● EXERCISE DESCRIPTION: With the pictures left out, copy the records below exactly from the first line down to the line holding "나에게 들려주는 예쁜", and include that line.

[EXERCISE DATA Boundary: Start]

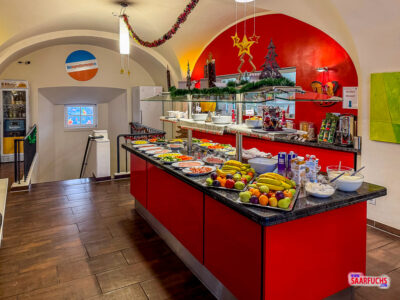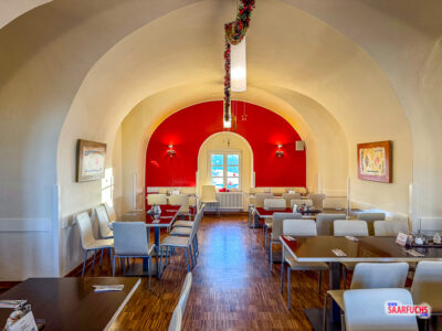 Der Speisesaal ist groß und schön weihnachtlich dekoriert. Alle Gäste haben einen festen Sitzplatz, der über ein Namensschild am Tisch gut zu finden ist.
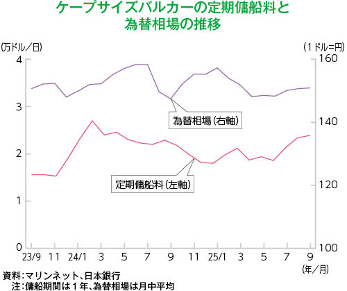 遠洋は、主力のバルカー(ばら積み船)の荷動き・市況をみると、バルチック海運指数(BDI)は、年明けに700台まで低下したが、9月時点では2,000台前後まで回復した。大型のケープサイズの定期傭船料(傭船期間1年)鉄鉱石の輸送が堅調に推移し、年後半には採算ラインを上回る25,000ドル/日前後まで上昇した。中小型のパナマックスやハンディマックスなどは、中国経済の減速を背景に低水準で推移した。
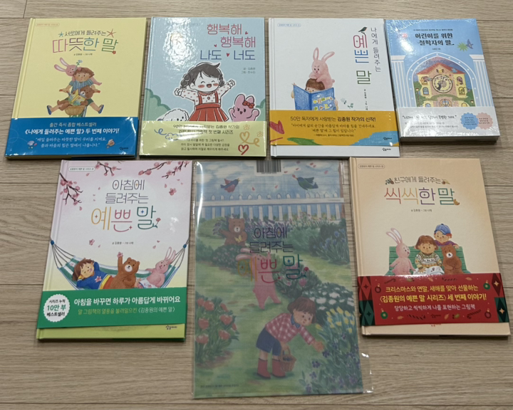 나에게 들려주는 예쁜 말, 서로에게 들려주는 따뜻한 말, 친구에게 들려주는 씩씩한 말, 행복해 행복해 나도너도, 아침에 들려주는 예쁜 말 벌써 5번 째 철학 그림동화 시리즈가 옷을 입고 찾아온다.
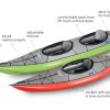 SWING 1 is a sit-in inflatable kayak great for relaxing trips on sheltered waters, harbours, lakes and rivers up to Gr. 2 white water. The kayak is supplied with two aluminium reinforcements for improved rigidity of the hull, maneuverability and stability. The reinforcements also shape the deck of the kayak. Thanks to its low weight the kayak is perfect for trips with frequent portages. The enclosed deck prevents water getting in. The kayak is available in a single and a double version.
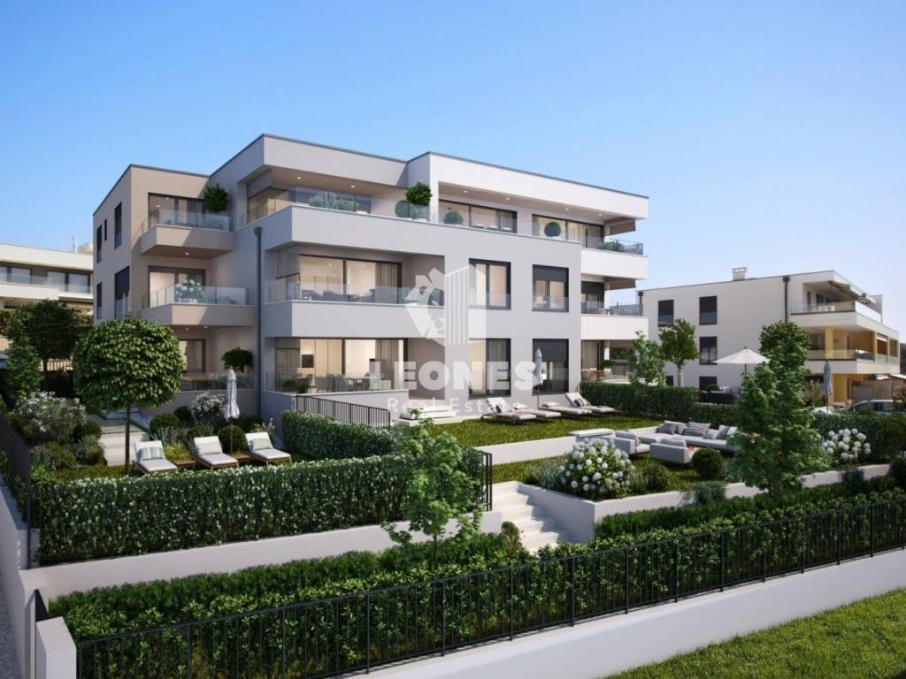 Apartment in a new building with a garden and a view of the sea in a prime location in Novigrad
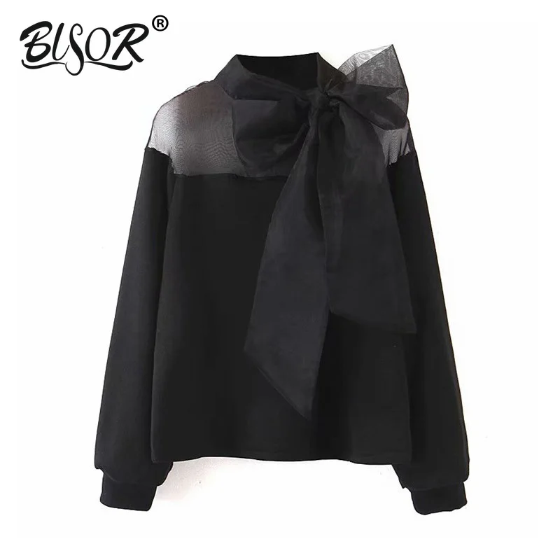 Женская милая Лоскутная Блузка с галстуком-бабочкой и воротником с длинным рукавом, женские повседневные черные топы, Черные блузы
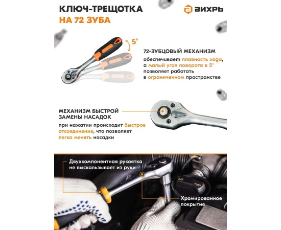 Удлинители 75, 250 мм вороток Г-образный, вороток Т-образный, вороток шарнирный, карданный шарнир, трещотка.
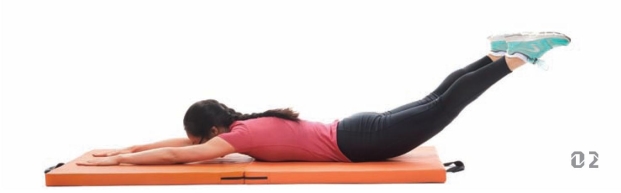 起始姿态:身体正直俯卧于垫上,双手双腿自然伸直,与肩同宽。
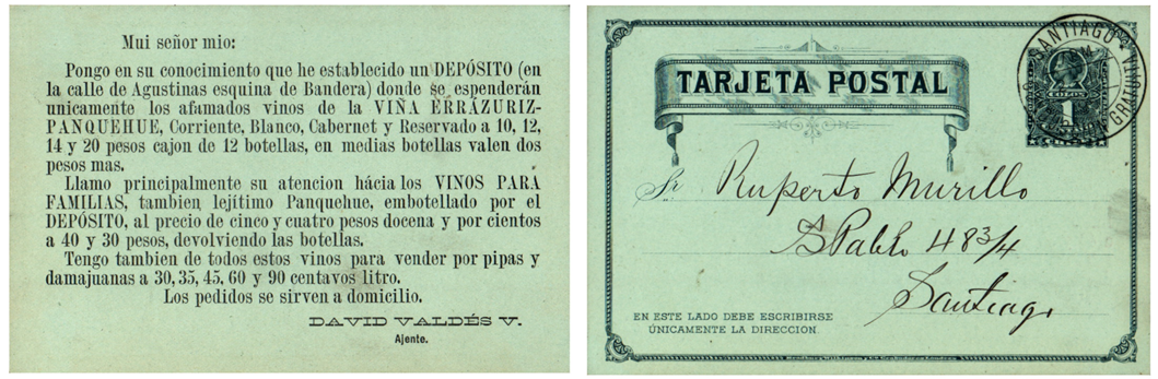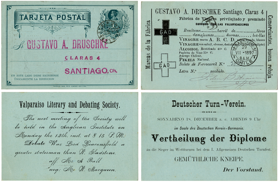 En la tarjeta de la Imprenta del Universo de Valparaíso de 1898 (fig. 65) es un caso de tarjeta pre-impresa con un texto para acusar recibos de trabajo, formulario administrativo, que no estaba pensado para el envío en grupos, de modo que se imprimieron en tarjetas con tarifa de postal nacional de 2 cts., no pudiendo aprovechar la tarifa reducida.
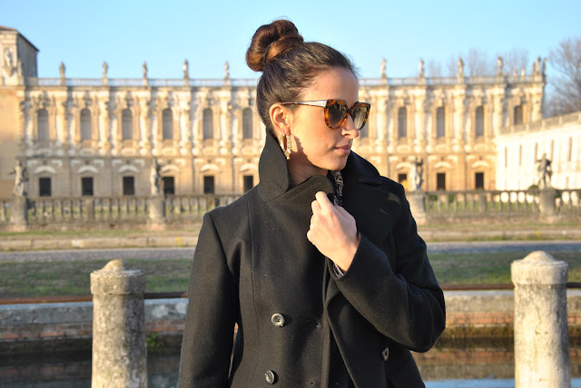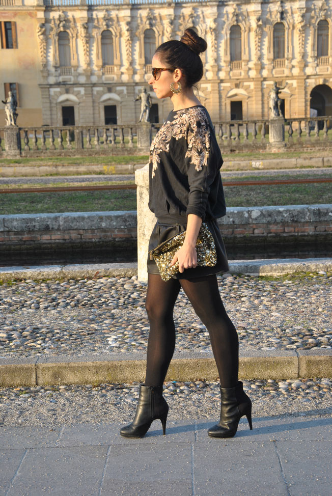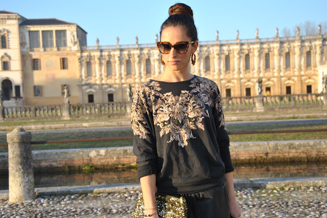 Oggi vi saluto e vi auguro buone feste con un outfit post visto che poi saremo tutti presi con gli ultimi acquisti, festeggiamenti in famiglia o con gli amici. Il mio regalo di Natale è un outfit da poter indossare nei giorni di festa, perfetto per questo periodo dell'anno, dal gusto barocco, scattato proprio di fronte ad una villa che vedete spesso nelle mie foto, ma mai come oggi mi sembrava perfetta come sfondo. Alla nuova gonna in pelle, sì ne ho preso un'altra perchè due è sempre meglio di una, ho abbinato la felpa con i disegni barocchi, che cavalca uno dei trend di stagione. Quest'anno più che mai avrete notato che questi motivi si trovano un pò ovunque, su pantaloni, bomber e maglie come questa. Mi è piaciuta subito perchè nel disegno sono inseriti alcuni dettagli dorati che la rendono ancora più speciale e scintillante. Ad un look così non potevo che abbianare un'acconciatura fai da te, raccogliendo i capelli in un bun, prometto che nei prossimi giorni vi farò il video tutorial di come lo faccio io, avendo tantissimi capelli ho un trucchetto che voglio spiegarvi. Accessori pochissimi per non appesantire: gli occhiali da gatta, le creole e il mio bracciale tres jolie di Brosway. Attendo i vostri pareri.
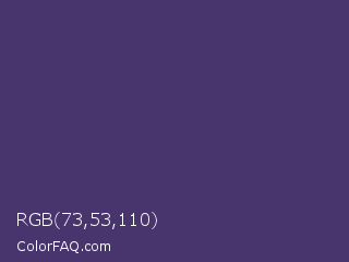 RGB 73,53,110 Color is a normal violet color and the nearest color is Jacarta #3a2a6a. Hex code #49356e and RGB value is rgb(73,53,110). In RGB color space, this color is composed of 29% red, 21% green, 43% blue, In CMYK color space, this color is composed of 34% cyan, 52% magenta, 0% yellow , 57% black , In HSL color space, this color has a hue angle of 261° , 35% saturation and 32% lightness.
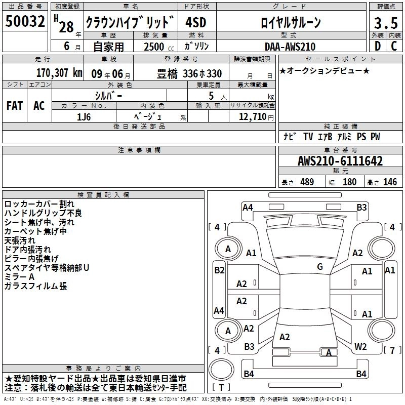 Статус выставлен на аукцион Лот 50032 Аукцион TAA Chubu Дата аукциона 12.03.2026
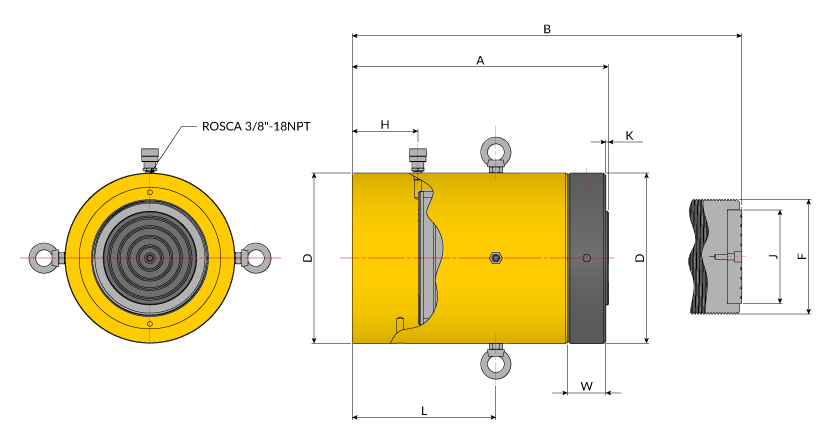 DescriçãoEste cilindro hidráulico foi desenvolvido e é recomendado para aplicações em serviços difíceis de elevação onde é necessário sustentar a carga mecanicamente por um longo período de tempo. Ele alia tanto a simples ação quanto a porca-trava a um sistema hidráulico blindado e necessita de peso sobre sua haste, para que ocorra o retorno da mesma, uma vez que não utiliza nenhuma mola de retorno.
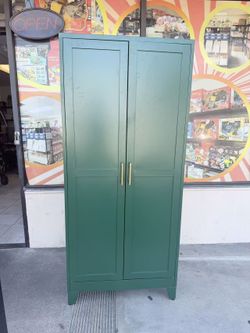 A green metal storage wardrobe with 2 adjustable shelves, featuring a stacking area and a hanging area. It can be used as a tool cabinet or wardrobe i$100Pomona, CA
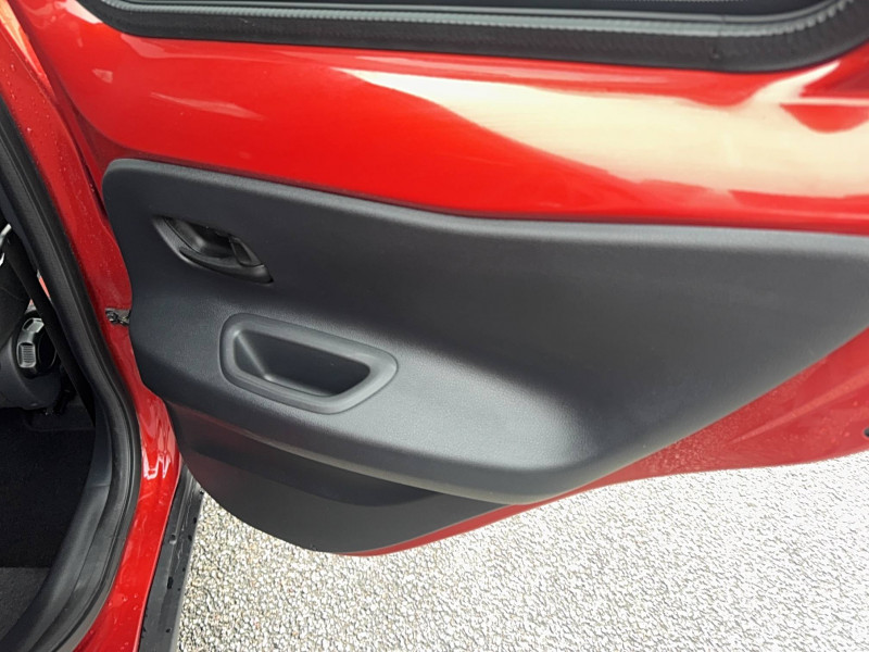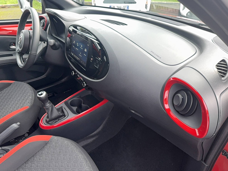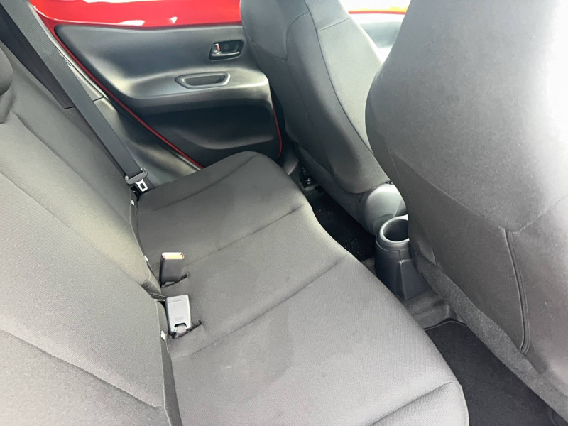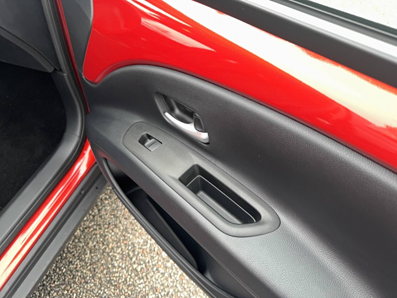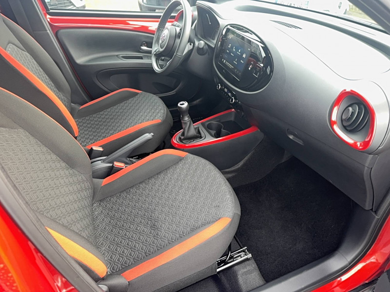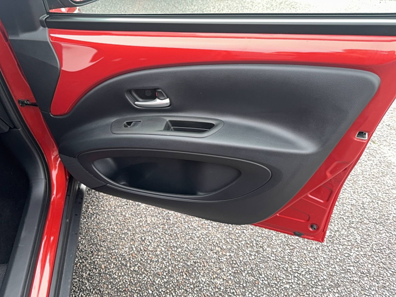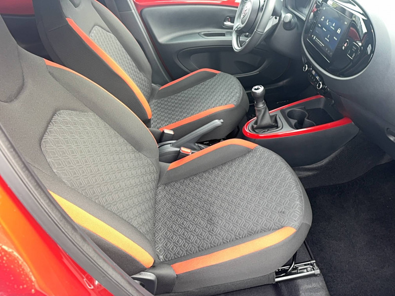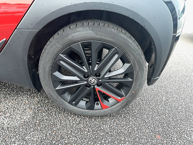 1 Port USB de type C sur console centrale / 1 prise 12V AV sur console centrale / 4 HP / Branche centrale du volant noir laqué / Calandre noir laqué / Capote en toile découvrable electriquement / Carrosserie bi-ton avec toit et piliers peints en noir / Ciel de toit noir / Combiné d'instrumentation avec écran couleur TFT multifonction 4,2" / Compte-tours / Connectivité smartphone Apple CarPlay et Android Auto sans fil / Contour d'aérateurs couleur carrosserie / Contour de console centrale couleur carrosserie / Contour de l'écran tactile noir laqué / Coques de rétroviseurs noires / Eclairage de coffre / Entourage d'antibrouillards noir laqué / Fermeture centralisée avec commande à distance / Indicateur de perte de pression des pneus / Insert de pare-chocs AR couleur carrosserie / Inserts sur contours et bas de caisse AV/AR (selon couleur carrosserie) : Noir laqué / Jantes en alliage 18" noir mat avec, selon couleur carrosserie, inserts Rouge Piment / Kit anti-crevaison / Kit de sécurité / Levier de vitesse en cuir avec surpiqûres couleur carrosserie / Ornements latéraux noirs (partie supérieure du bas de caisse) / Passages de roues et bas de caisse latéraux noirs / Poignées de portes extérieurs couleur carroserie / Porte-gobelets (2) / Projecteurs AV et clignotants halogènes / Rétroviseurs extérieurs électriques, dégivrants et rabattables manuellement / Sellerie tissu avec contour d'assise et de dossier couleur carrosserie / Services connectés standards MyToyota (inclus 10 ans) / Système d'appel d'urgence automatique "E-Call" / Système de contrôle de stabilité (VSC) + Système de contrôle de motricité (TRC) / Système de freinage antiblocage ABS / Système multimédia Toyota Touch 3 avec écran couleur tactile 9" haute définition, Bluetooth, USB, Radio FM et DAB (digitale), Système de connectivité smartphone Apple CarPlay et Android Auto (sans fil) / Tapis de sol AV/AR / Toyota Safety Sense Système de sécurité précollision avec détection des véhicules, piétons et cyclistes, actif également dans les intersections. Alerte de franchissement de ligne avec aide au maintien dans la file, assistant de trajectoire et détecteur de fatigue, Lecture des panneaux de signalisation avec limiteur de vitesse, Gestion automatique des feux de route, Régulateur de vitesse adaptatif intelligent / Volant cuir avec commandes au volant

[EXERCISE DATA Boundary: End]

● ANSWER FOR THIS EXERCISE:
 Der Speisesaal ist groß und schön weihnachtlich dekoriert. Alle Gäste haben einen festen Sitzplatz, der über ein Namensschild am Tisch gut zu finden ist.
 遠洋は、主力のバルカー(ばら積み船)の荷動き・市況をみると、バルチック海運指数(BDI)は、年明けに700台まで低下したが、9月時点では2,000台前後まで回復した。大型のケープサイズの定期傭船料(傭船期間1年)鉄鉱石の輸送が堅調に推移し、年後半には採算ラインを上回る25,000ドル/日前後まで上昇した。中小型のパナマックスやハンディマックスなどは、中国経済の減速を背景に低水準で推移した。
 나에게 들려주는 예쁜 말, 서로에게 들려주는 따뜻한 말, 친구에게 들려주는 씩씩한 말, 행복해 행복해 나도너도, 아침에 들려주는 예쁜 말 벌써 5번 째 철학 그림동화 시리즈가 옷을 입고 찾아온다.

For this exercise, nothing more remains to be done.